## Directions for this task
In the entries that follow, the lines from the one with "Miejska Biblioteka Publiczna" through the one with "Portret Doriana Greja" are the ones to write out, exactly and with both ends included. Nothing else should appear.

## The records
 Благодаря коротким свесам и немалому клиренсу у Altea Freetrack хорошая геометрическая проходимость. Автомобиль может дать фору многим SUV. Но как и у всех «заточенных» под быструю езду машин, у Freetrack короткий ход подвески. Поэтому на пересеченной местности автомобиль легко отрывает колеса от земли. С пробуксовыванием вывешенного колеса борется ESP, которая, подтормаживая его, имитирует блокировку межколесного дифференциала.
...
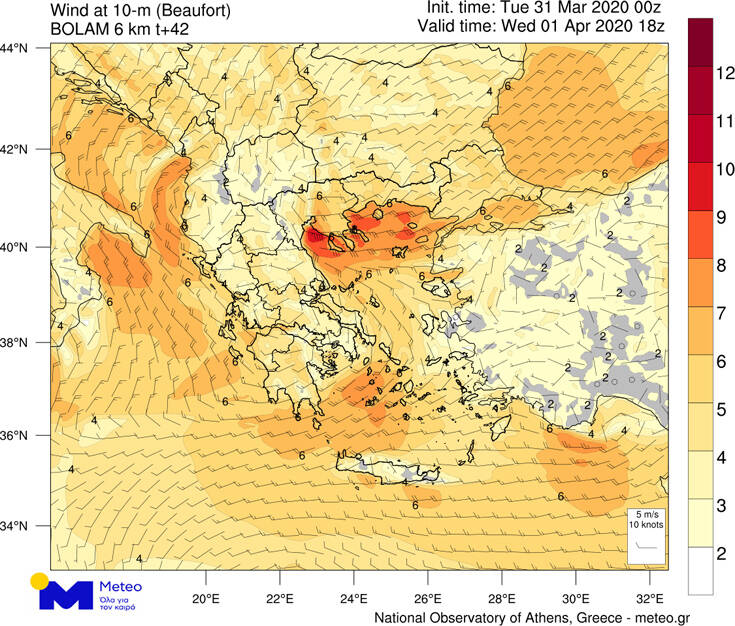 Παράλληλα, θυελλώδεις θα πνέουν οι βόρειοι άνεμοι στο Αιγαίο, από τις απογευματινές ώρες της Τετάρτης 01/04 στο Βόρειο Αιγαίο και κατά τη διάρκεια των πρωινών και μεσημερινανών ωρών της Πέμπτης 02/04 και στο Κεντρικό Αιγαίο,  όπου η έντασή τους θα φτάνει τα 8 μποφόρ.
...
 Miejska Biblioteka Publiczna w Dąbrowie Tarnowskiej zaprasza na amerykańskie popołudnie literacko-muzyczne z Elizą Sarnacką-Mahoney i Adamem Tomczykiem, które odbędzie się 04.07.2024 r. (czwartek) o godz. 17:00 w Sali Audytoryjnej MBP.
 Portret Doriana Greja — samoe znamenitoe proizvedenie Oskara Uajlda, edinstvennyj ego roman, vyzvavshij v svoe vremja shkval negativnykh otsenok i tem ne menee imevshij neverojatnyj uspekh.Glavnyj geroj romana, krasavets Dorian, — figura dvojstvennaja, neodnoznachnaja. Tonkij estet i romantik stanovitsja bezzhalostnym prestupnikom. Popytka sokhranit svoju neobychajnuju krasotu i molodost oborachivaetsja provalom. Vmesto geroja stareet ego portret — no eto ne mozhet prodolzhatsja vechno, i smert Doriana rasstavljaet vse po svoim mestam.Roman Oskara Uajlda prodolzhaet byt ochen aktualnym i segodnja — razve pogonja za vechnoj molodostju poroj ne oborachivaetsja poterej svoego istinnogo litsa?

## Output for this exercise
 Miejska Biblioteka Publiczna w Dąbrowie Tarnowskiej zaprasza na amerykańskie popołudnie literacko-muzyczne z Elizą Sarnacką-Mahoney i Adamem Tomczykiem, które odbędzie się 04.07.2024 r. (czwartek) o godz. 17:00 w Sali Audytoryjnej MBP.
 Portret Doriana Greja — samoe znamenitoe proizvedenie Oskara Uajlda, edinstvennyj ego roman, vyzvavshij v svoe vremja shkval negativnykh otsenok i tem ne menee imevshij neverojatnyj uspekh.Glavnyj geroj romana, krasavets Dorian, — figura dvojstvennaja, neodnoznachnaja. Tonkij estet i romantik stanovitsja bezzhalostnym prestupnikom. Popytka sokhranit svoju neobychajnuju krasotu i molodost oborachivaetsja provalom. Vmesto geroja stareet ego portret — no eto ne mozhet prodolzhatsja vechno, i smert Doriana rasstavljaet vse po svoim mestam.Roman Oskara Uajlda prodolzhaet byt ochen aktualnym i segodnja — razve pogonja za vechnoj molodostju poroj ne oborachivaetsja poterej svoego istinnogo litsa?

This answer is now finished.